Model Routing in Practice

Model Routing in Practice

A gateway underneath everything, subscription profiles run as fleet capacity, a usage heartbeat that auto-switches on rate limits, and Claude for speed, Codex for orchestration, Haiku for QA.

For six months I asked two vendors for the same feature and got nothing. So I built it myself. That is not a complaint, it is how model routing actually gets decided in practice: not by reading a comparison chart, but by hitting a wall with one vendor and routing around it with another.

The wall, in my case, was scheduled execution. I wanted loops — recurring, unattended agent runs — in the CLI, and I said so, repeatedly, in public, to the people who run Codex and to the people who run Claude Code. Neither shipped it on my timeline. So the gap became a product: a local daemon for persistent loops and workflows that survives restarts and records every run, wired to guarded adapters for whichever coding agent CLI is doing the actual work that day. Ask a vendor for six months, then build the missing piece yourself. That is the honest origin story of half of what we run.

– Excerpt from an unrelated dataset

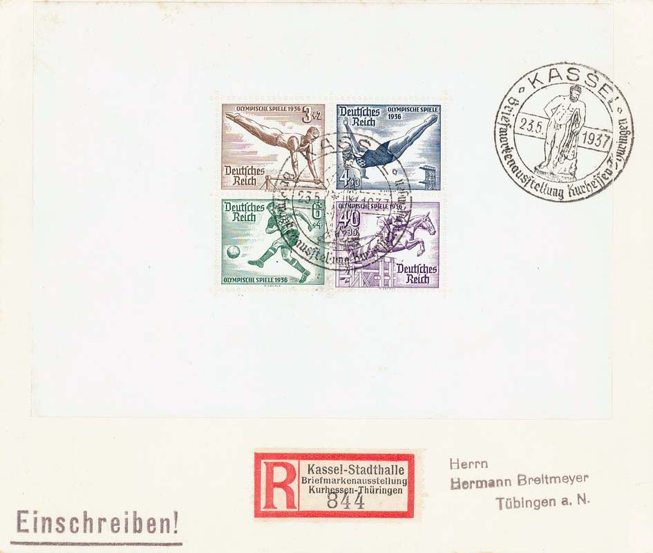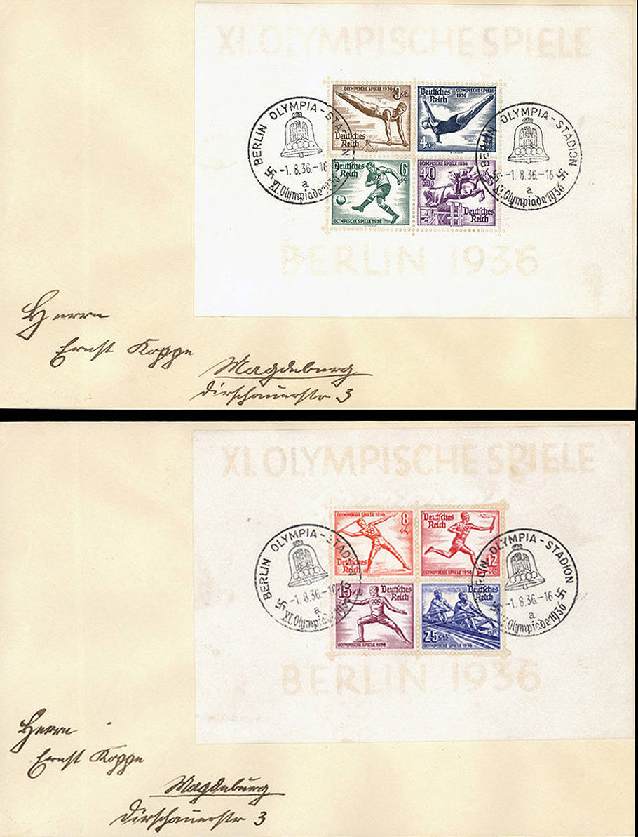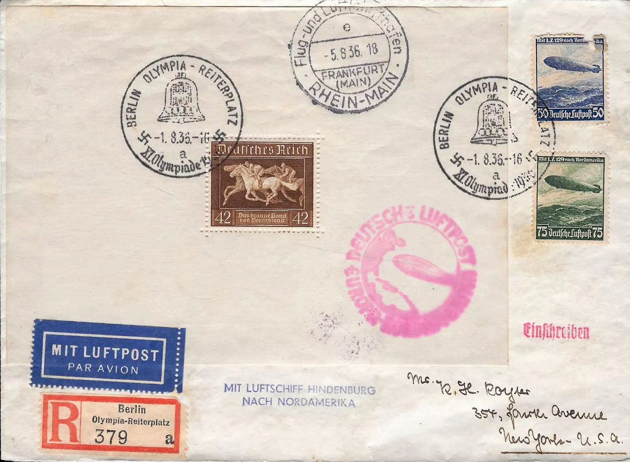 [Above: A German souvenir sheet unrelated to the Olympics, but used with Olympic cancels, including the fact that it was sent via the Hindenburg to New York.]

That gap did not appear out of nowhere. Both vendors run their own feedback loops in public, fielding feature requests directly, and I used nearly every one of those openings to ask for something specific: queued messages so a prompt does not get lost mid-turn, background hooks that do not depend on an active session, visibility into what a sub-agent is actually doing while it works. Some of it shipped eventually. Loops never did, on either side, for long enough that building it stopped being optional. Vendor responsiveness is itself a routing signal — if a gap stays open for months after you have flagged it clearly, that is information about which vendor to lean on for what, not just a complaint to keep repeating.

Multi-provider is not an ideology, it is a hedge against exactly that kind of gap. My daily-driver CLI is a modified derivative of OpenAI's Codex that grew a gateway layer above the providers, multi-profile subscription auth, and a usage-heartbeat daemon that auto-switches profiles the moment a rate limit hits. None of that exists because one vendor is bad. It exists because every vendor eventually rate-limits you, ships a feature slower than you need it, or has an outage on the one day you cannot afford one, and a single-provider setup has no answer for that day.

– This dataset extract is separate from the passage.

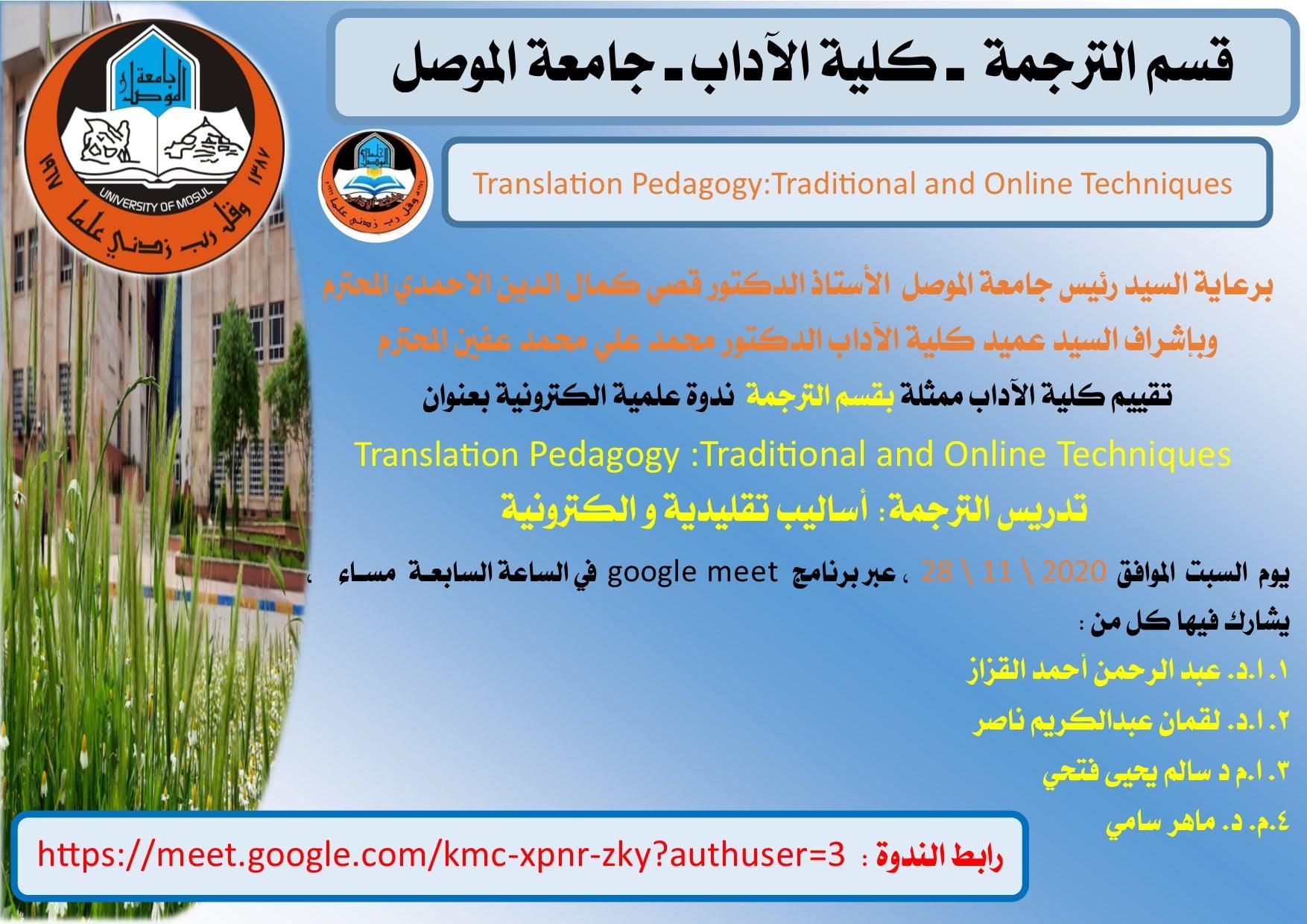 ندوة علمية إلكترونية بعنوان: تدريس الترجمة: أساليب تقليدية وإلكترونية بجامعة الموصل

The auth-profile mechanic underneath all of this is deliberately boring: a named profile per login, switchable from the command line, so a work identity and a personal identity and a rate-limited-for-the-day identity can all sit side by side without fighting over the same token. Boring is the right call here. The interesting part of routing should be which model handles which job, not whether the CLI remembers which account you meant.

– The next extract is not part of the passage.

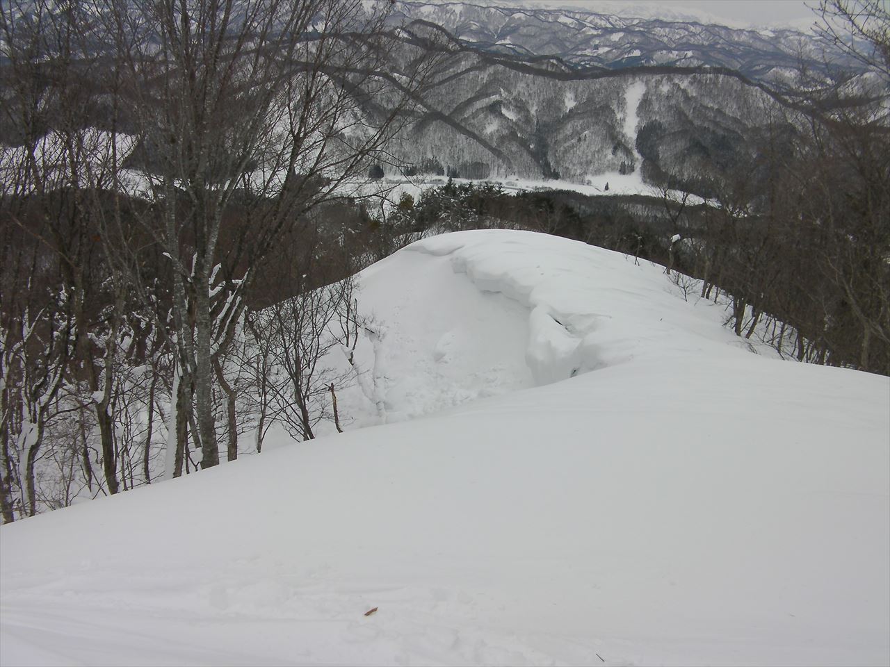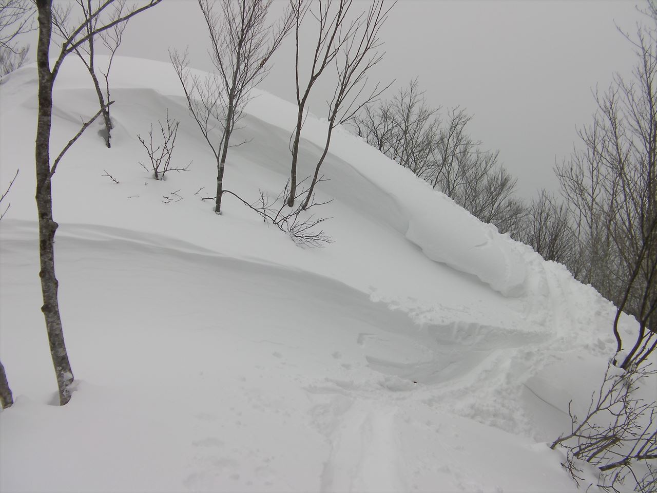 標高1080m付近の雪庇の弱点で,その尾根に上がる.

Routing by model is a decision I make out loud, not a default I inherited. Claude for speed, because it is fast enough to be the executor doing the actual coding. Codex for orchestration, because it is the one I trust to plan and debug across a larger surface. Haiku for QA, because verification does not need a frontier model, it needs a cheap one that is disciplined about checking a narrow thing. The point is not that one model is smarter. It is that the future is not one agent doing everything, it is several specialized agents, each doing the one job it is actually good at and cheap at.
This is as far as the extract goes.